In several of the cases cited by appellant the court in holding the question res adjudicata by reason of the former appeal commented on the fact that the evidence in the second record was substantially the same as in the first, thus intimating that the ruling would have been otherwise if a different state of facts were shown on the second trial. Clerklee v. Mundell's Lessee, 4 H. J., at 402; Maryland Coal Co. v. Baker, 85 Md. 688. InSmith v. Shaffer, 50 Md. 132, the Court held that there could not be a second appeal in order to present testimony which was omitted from the first record, because such testimony had been taken and might have been brought up on the first appeal.

In none of the cases cited by appellant do we find anything to support the proposition that additional evidence could not be taken in a second trial to support a rejected prayer.

In Frisby v. Parkhurst, 29 Md. 58, it was held that additional evidence could be taken, and would be considered on a second appeal, to support a proposition which had failed because of insufficient evidence to support it.

In Cooper v. Utterback, 37 Md. 282, it was sought to have held conclusive the finding of a jury and the judgment thereon in a civil case in favor of one of the parties on the question of fraud, when the same question arose in a subsequent case between the same parties in a malicious prosecution *139 case. The effort failed, the court citing from 1 Greenleaf onEvidence, sec. 528: "The principle upon which judgments are held conclusive upon the parties requires that the rule should apply only to that which was directly in issue, and not to everything which was incidentally brought into controversy during the trial."
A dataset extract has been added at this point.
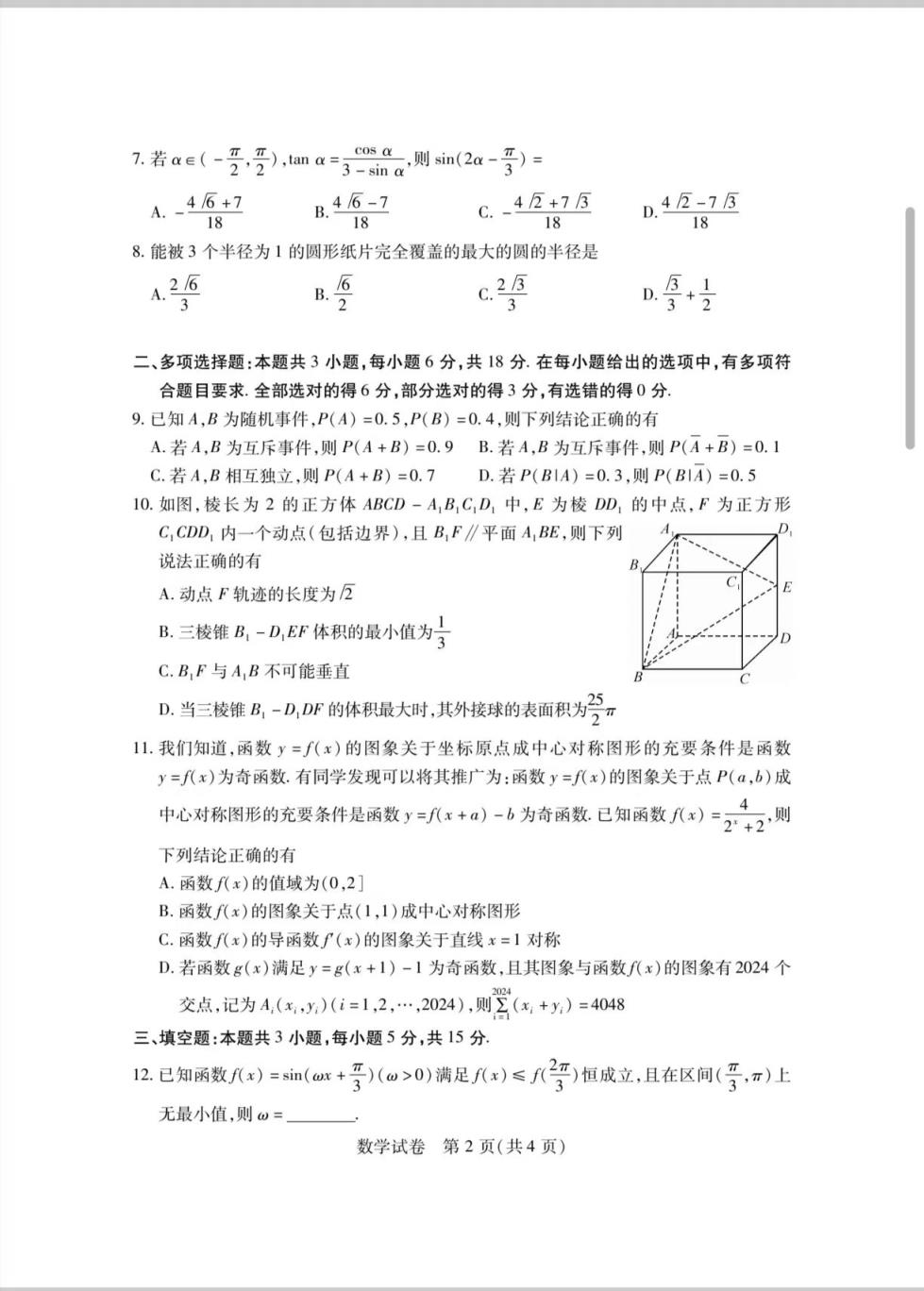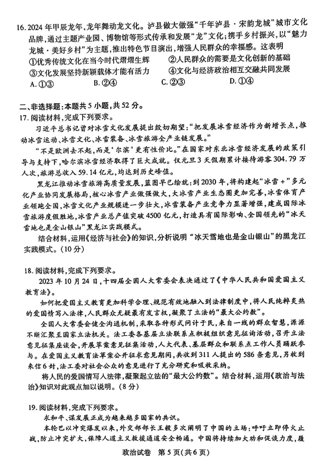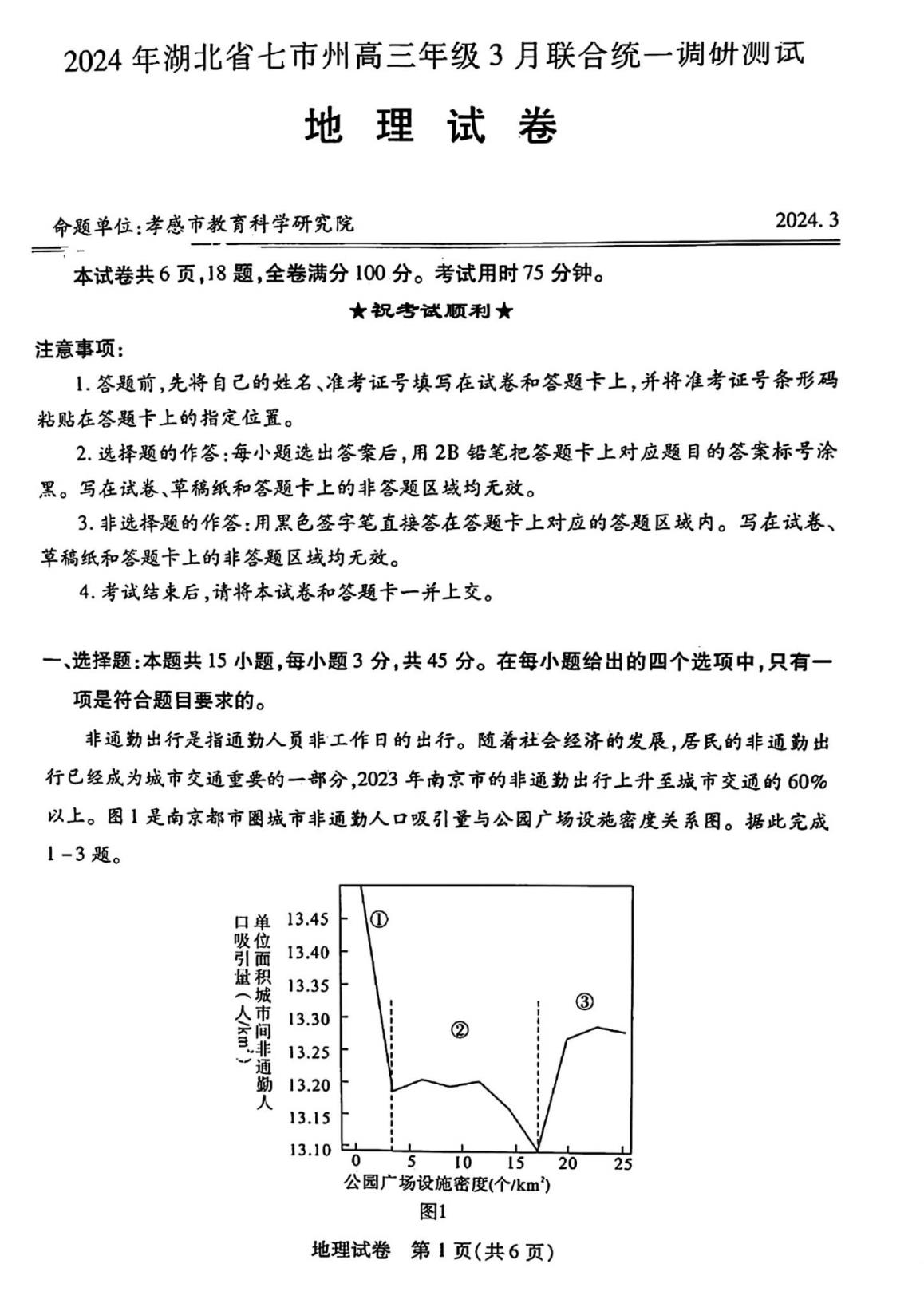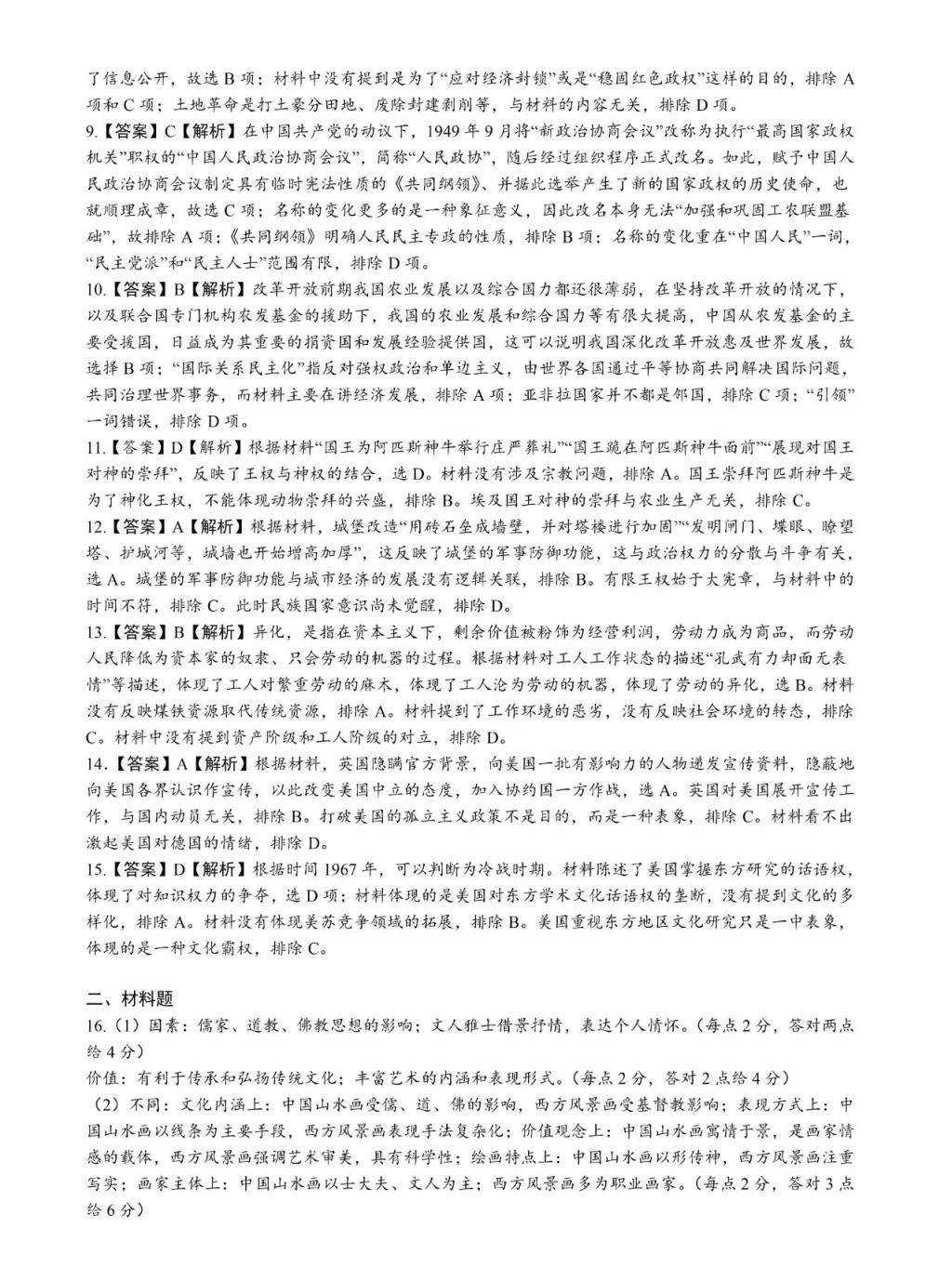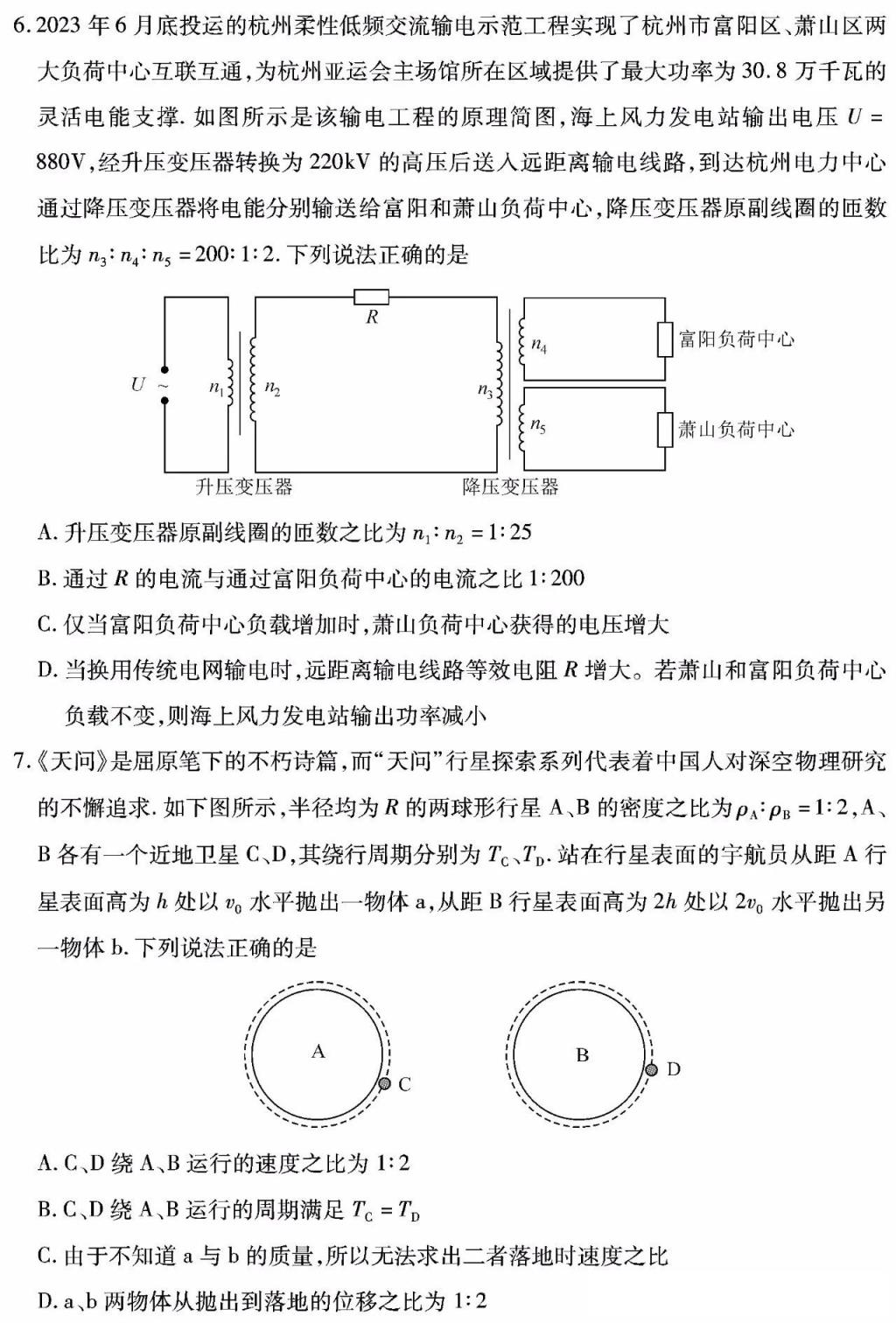 五、湖北省七市州联考2024物理/历史试题及答案解析

In 4 C.J., p. 1106, sec. 3088, it is said: "As a general rule the doctrine of the `law of the case' applies to all questions of law identical with those on the prior appeal, and on the same facts, and to such questions only. The doctrine is rarely, and in a very limited class of cases, applied to matters of evidence as distinguished from rulings of law, and a decision on appeal on a question of fact does not generally become the law of the case, nor estop the parties on a second trial from showing the true state of the facts."

The plaintiff has no reasonable cause to complain of the instruction given by the court at his own instance. It carefully limited the jury in considering the letters offered, which were the subject of the first three exceptions, to their bearing if any on the question "whether the plaintiff empowered the application of the $1,084.07 by the defendant on account of payment under the contract," "in case the jury have first found from the evidence that the plaintiff did not first at the time the $1,500 mortgage was made, consent, by herself or her attorney, to the said application of the $1,084.07 by the defendant to the contract payment."

It follows from what we have said that we find no error in the ruling involved in the sixth bill of exception.

The decision in 146 Md. had no such bearing on the issue in the present case as to justify reading into the record of the present case the opinion of this Court in the former case. Besides that would not have been the way to get the result of that decision to the jury, even if it had had the bearing on the case being tried that appellant conceived it did.

It has been held that the trial court may in its discretion permit reported cases to be read to the jury; but it is a discretion *140 which courts seldom exercise, for the reason that such a practice in civil trials would lead to confusion rather than enlightenment. The bearing of previous decisions should be reflected in the instructions to the jury and in rulings on testimony.

Appellant's interpretation of the decision in 146 Md. was embodied in her second prayer, which we have said was properly refused, and in her objections to testimony, on which we have passed.

Judgment affirmed, with costs to appellee.